Musician-Square Dance Caller
Corbett OR
Fellowship: 2013
SquareDanceFever.com

“I have the best job in the world,” says Caroline, who has been teaching and calling old-time square dances for more than a decade. She also plays fiddle, guitar, and sings old country songs. “I feel so lucky to share one of the great joys of my life: the sense of connectedness and feeling of solace that results when I move with others through music.”

Three mornings a week she facilitates parent/child music classes with kids up to five years old. “It is pure joy for me,” she says. “One of my favorite aspects of the program is working with parents who don’t ‘feel musical.’ They sign up because they don’t want their children to feel the same way. One is never too old to begin to ‘feel musical.’”

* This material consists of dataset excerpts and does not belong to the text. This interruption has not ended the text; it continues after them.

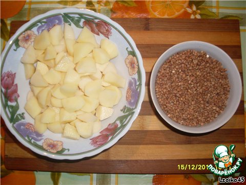 Очищенную картошку нарезаем кубиками. Гречку тщательно промываем. Всё добавляем в суп и варим до готовности.
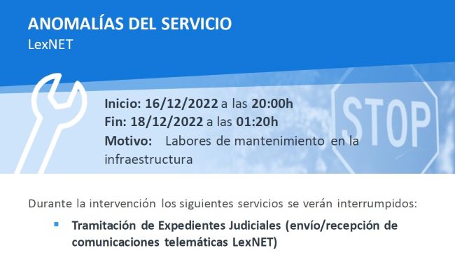 Recordamos la notificación de LexNet en relación con la parada prevista para este próximo VIERNES 16 de diciembre, desde las 20:00 hasta la 01:20 del domingo 18, por motivos de mejora del servicio.
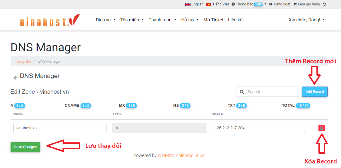 Hướng dẫn sử dụng DNS Manager và quản lý tên miền tại VinaHost
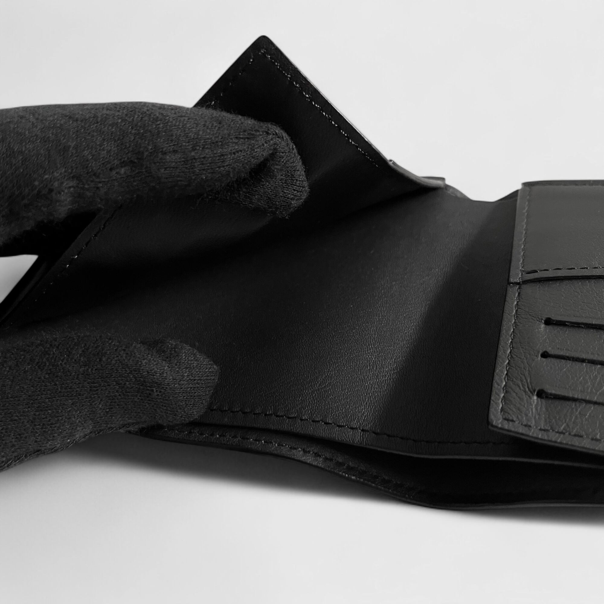 カウハイドレザーにデボス加工とオーバープリントの技法で、色褪せた風合いにアレンジしたモノグラム・パターンを散りばめた二つ折り財布です。
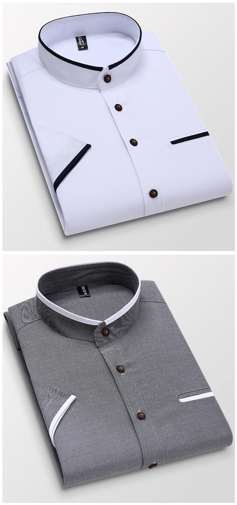 Мужская рубашка с коротким рукавом BROWON, приталенная Однотонная рубашка с воротником-стойкой, рубашка на пуговицах большого размера
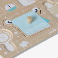 De gros boutons faciles Ă attraper par les petites mains, des contours dessinĂ©s pour faciliter le jeu ; ce puzzle spĂ©cialement pensĂ© pour les plus petits possède 10 formes d’Ă©lĂ©ments de la salle de bain Ă encastrer, pour amuser les enfants et les aider Ă dĂ©velopper leur motricitĂ© fine.Â
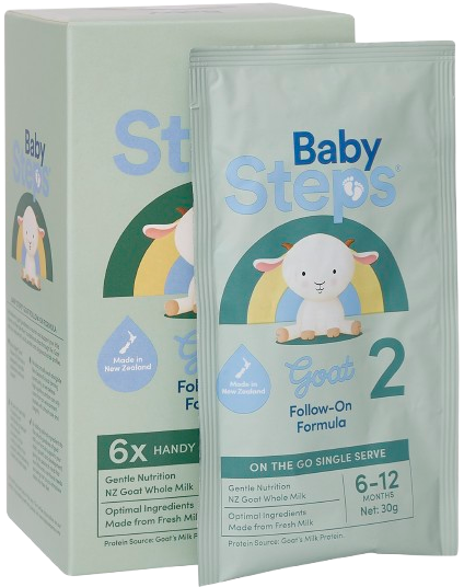 Baby Steps Goat Follow-On Formula is lovingly made in New Zealand and designed to provide balanced nutritional support for babies aged 6-12 months old.
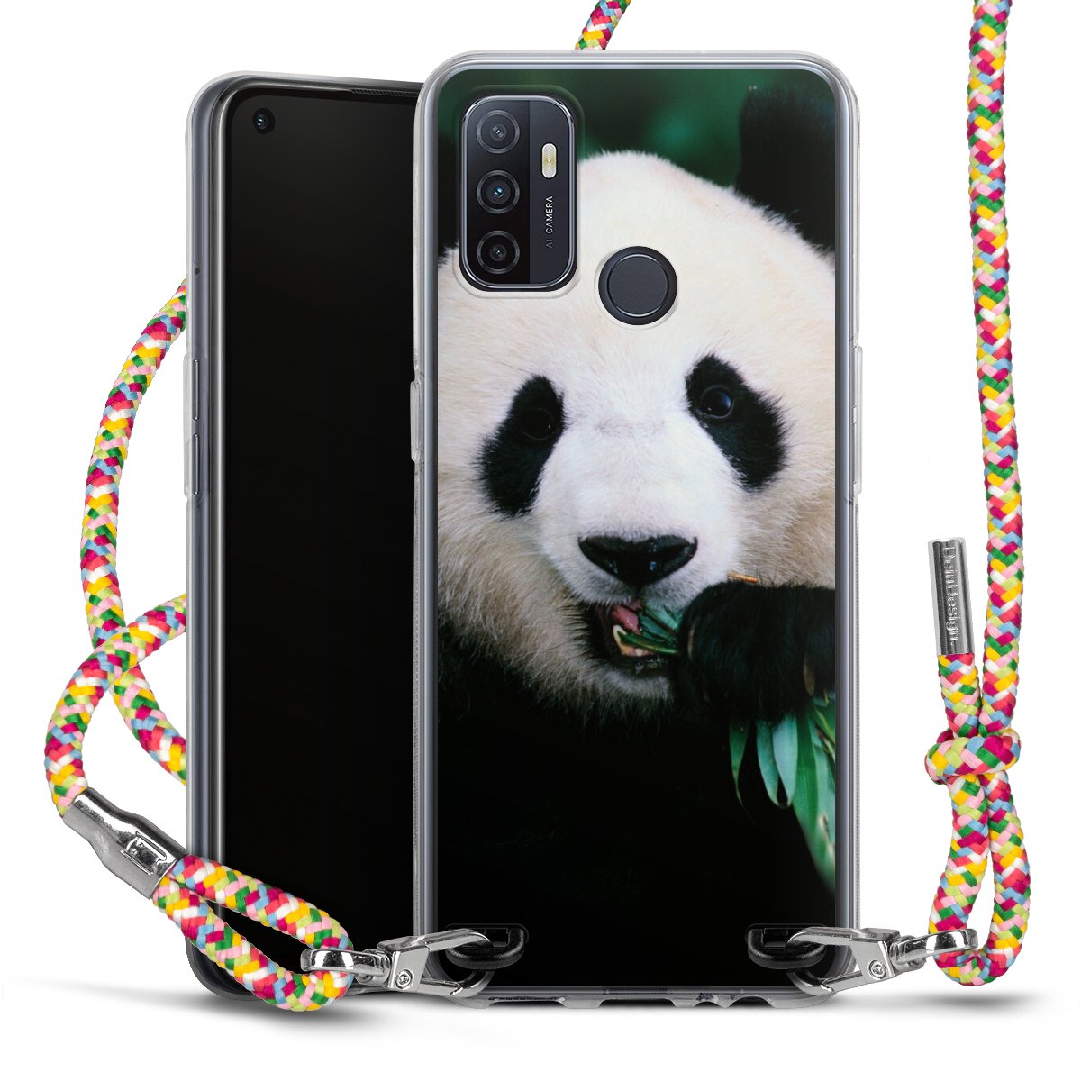 The flexible case is made from a highquality TPU material (thermoplastic Polyurethan). Thanks to its longlasting and break resistant characterisitcs, the case is flexible yet consistent in form and has a great grip and feel. The textile strap made from Polyester gives a chic yet casual accent allowing you to carry your phone like a bag or necklace - a practical gadget perfect for your next adventure. The textile strap is about 1.70 meters long and the length can easily be adjusted through the knots. Our Carry Case is available in Colourful, Mint-Camouflage, Very-Berry, Sahara-Sand and Sparkling-Neon. The ends of the textile strap are covered with metallic end caps to protect them against fraying.

With patience and an easy manner, Caroline emphasizes critical thinking, problem solving, collaboration, and active learning with her students. She is engaging and clear, with a knack for improvising.

“Another of the great joys of my musical life comes from facilitating family square dances,” she says. These are different from other community square dances, “mainly because of the vast quantities of children present. The dances I call lean toward the ridiculous, and we all have a grand time.”

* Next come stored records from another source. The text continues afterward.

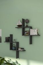 Antrasit 2’li Dekoratif Duvar Rafı – Duvara Monte Kitaplık
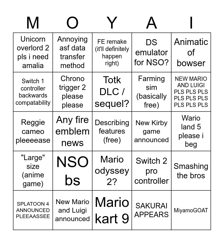 This bingo card has a free space and 24 words: NSO bs, New Mario and Luigi announced, Totk DLC / sequel?, SPLATOON 4 ANNOUNCED PLEEAASSEE, Animatic of bowser, Unicorn overlord 2 pls i need amalia, Switch 1 controller backwards compatability, Annoying asf data transfer method, New Kirby game announced, Mario odyssey 2?, Farming sim (basically free), Reggie cameo pleeeease, Switch 2 pro controller, Smashing the bros, Chrono trigger 2 please please, SAKURAI APPEARS, Wario land 5 please i beg, FE remake (it'll definitely happen right), NEW MARIO AND LUIGI PLS PLS PLS PLS PLS PLS PLS PLS PLS, Any fire emblem news, MiyamoGOAT, "Large" size (anime game), DS emulator for NSO? and Mario kart 9.
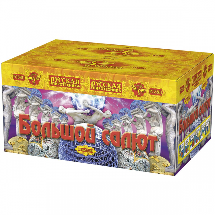 Салют РС8683 Время Первых!, 90 залпов, 1,25" калибр, ТМ «Русская Пиротехника»
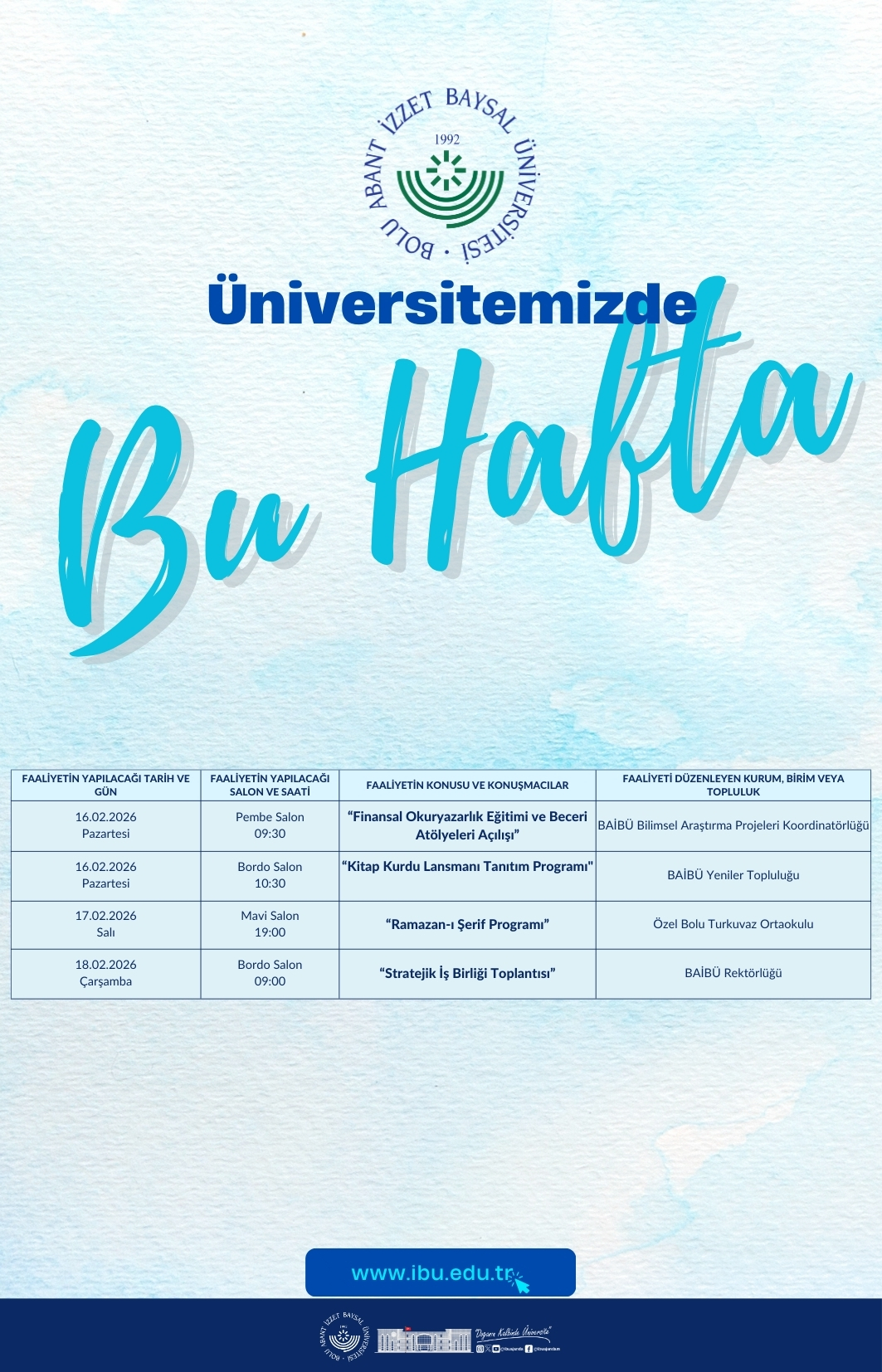 BAİBÜ Kültür ve Kongre Merkezi’nde Bu Hafta 10 Şubat 2026 Haftalık-Aylık-Yıllık Etkinlik Takvimi için : Tıklayınız Mevcut makalenin kısa URL'si : https://ajanda.ibu.edu.tr/5mn4
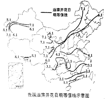 小题1:油菜开花日期等值线大致呈纬向分布(或油菜花由南向北依次开放)(1分);我国东南部气温从低纬向高位递减(或太阳直射点位置由南向北推进,气温也随之由南向北逐渐上升)(1分)。
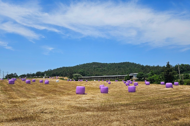 현재 31개소 조사료 경영체를 중심으로 1,700ha에 달하는 면적에서 한창 동계 조사료 수확이 이루어지는 가운데 6만여 개의 보라색 공룡알이 들판을 뒤덮고 있다.
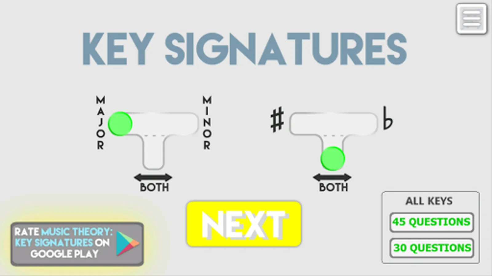 1. All grades of music theory (7 sharps, 7 flats, major and minor keys) are covered in short practice tests of 15 or more questions from the following key signature categories:
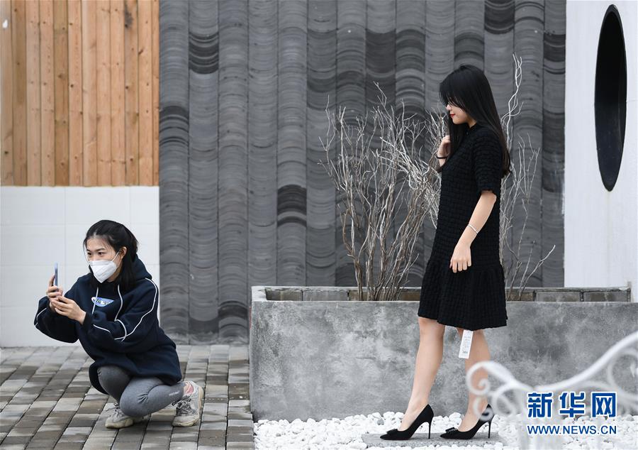3月5日,在广州白马服装市场的摄影基地,店铺模特在拍摄时装照片。 近日,广州市一批专业批发市场在做好疫情防控的同时,开始有序恢复营业。 新华社记者 邓华 摄

Caroline calls at many of the West Coast’s old-time and bluegrass music events, including Alaska’s Folk Festival, Seattle’s Folklife Festival, San Francisco’s Bluegrass & Old-Time Music Festival, and Port Townsend’s Festival of American Fiddle Tunes.  

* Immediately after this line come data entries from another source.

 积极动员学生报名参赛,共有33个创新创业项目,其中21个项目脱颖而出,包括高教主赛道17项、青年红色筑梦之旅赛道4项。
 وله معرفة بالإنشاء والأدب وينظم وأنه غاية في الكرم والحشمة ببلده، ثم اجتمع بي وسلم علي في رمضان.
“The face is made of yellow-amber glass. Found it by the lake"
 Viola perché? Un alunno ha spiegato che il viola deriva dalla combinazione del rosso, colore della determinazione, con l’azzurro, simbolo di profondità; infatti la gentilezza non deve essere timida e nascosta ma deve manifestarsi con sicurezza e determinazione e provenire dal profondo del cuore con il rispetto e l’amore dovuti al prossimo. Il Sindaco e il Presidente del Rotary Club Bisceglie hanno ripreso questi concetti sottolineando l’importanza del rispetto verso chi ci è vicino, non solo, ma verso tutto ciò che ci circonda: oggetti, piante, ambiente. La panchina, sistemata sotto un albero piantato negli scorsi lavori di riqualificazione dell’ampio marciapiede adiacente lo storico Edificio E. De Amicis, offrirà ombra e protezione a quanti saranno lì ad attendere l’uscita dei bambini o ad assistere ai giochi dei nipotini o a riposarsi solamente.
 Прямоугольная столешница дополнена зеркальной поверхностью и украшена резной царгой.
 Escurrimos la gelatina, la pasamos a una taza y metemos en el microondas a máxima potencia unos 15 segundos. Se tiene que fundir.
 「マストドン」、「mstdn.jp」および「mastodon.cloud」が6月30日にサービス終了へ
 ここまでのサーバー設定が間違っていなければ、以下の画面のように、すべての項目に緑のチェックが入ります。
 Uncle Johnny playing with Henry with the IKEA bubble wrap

“People fall in love, make new friends, and dance their rain-induced blues away,” she says. “Traditional dance needs to be kept alive in the same way a language does, and our twenty-first century, West Coast edition of the tunes and dances that have been handed down for generations keeps this heritage healthy. Everyone has a chance to connect to a completely participatory, non-commercial, and welcoming community event. Each individual feels part of something bigger, and this expansive sense of belonging carries over into the rest of the world, making it just a little bit better all around.”